Background: The purpose of the present study was to investigate the effects of
Onjisaponin B (OB) in lipopolysaccharide (LPS)-induced cognitive deficits.
Methods: The rats were divided into four groups: sham group, LPS group (the model group), LPS
+ OB (1 mg/kg) group and LPS + OB (2 mg/kg) group. OB was treated three days before surgery
and thereafter continuously for 7 days. Three days later, rats were intracerebroventricularly injected
with LPS. The levels of inflammatory cytokines and the capability of free radical scavenging
in serum and hippocampus were determined after the LPS challenge. PC12 cells were divided
into control group, LPS group (the model group), LPS + OB (10 µM) group, LPS + OB (20 µM)
group, LPS + OB (40 µM) group, LPS + OB (2 mg/kg) + nicotinamide group. The cell viability
was measured by MTT assay. The protein expressions of Sirt1, p-AMPK, AMPK, Nrf-2, HO-1,
Bcl-2, Bax, caspase-9, caspase-3, p-IκBα, IκBα, p-NF-κBp65 and NF-κBp65 were detected by
western blot analysis.
Results: As a result, OB administration effectively relived the cognitive impairment, reduced the
contents of IL-1β, IL-6, TNF-α, MDA and restored SOD activities of SOD in serum and hippocampus
of LPS-induced rats. Furthermore, OB treatment improved cell viability, ameliorated the
alterations of IL-1β, IL-6, TNF-α, MDA and SOD in the supernatant of LPS-induced PC12 cells.

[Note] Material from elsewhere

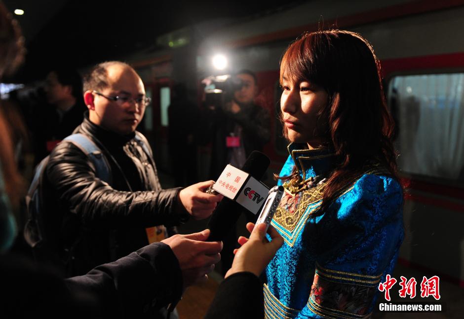3月2日,全国人大代表伊永春接受记者采访。当日清晨,参加十二届全国人大二次会议的内蒙古代表团乘坐火车抵达北京西站,成为第一个抵京的京外代表团。 中新社发 杨华峰 摄
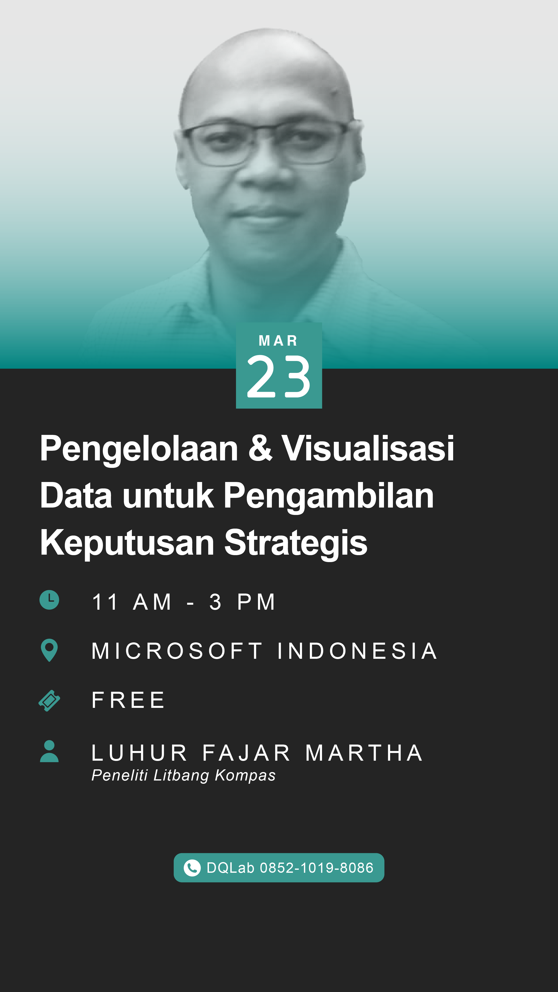 Cari tahu selengkapnya peran pengelolaan dan visualisasi data untuk menghasilkan sebuah insight yang bernilai bagi pengambilan keputusan strategis organisasi dengan belajar data science bersama Luhur Fajar Martha – Peneliti Litbang Kompas. Sesi akan dilanjutkan dengan sesi praktek visualisasi data bersama Feris Thia – Data Science & Big Data System Architect PHI Integration.

Of note, the expressions of Sirt1, Nrf-2, HO-1, Bcl-2 and p-AMPK were downregulated, while
Bax, caspase-9, caspase-3 and the phosphorylations of IκBα and NF-κBp65 in the LPS-stimulated
hippocampus and PC12 cells were increased attributed to the LPS stimulation. Nevertheless, the
conditions were significantly attenuated by OB treatment. In the LPS-induced PC12 cell, nicotinamide,
a SIRT1 inhibitor, abrogated the beneficial effects of OB, as indicated by the antioxidant,
anti-inflammatory and anti-apoptosis signaling.
Conclusion: Based on the above evidence, our results demonstrated that OB was a potential therapeutic
candidate for LPS-induced cognitive deficits.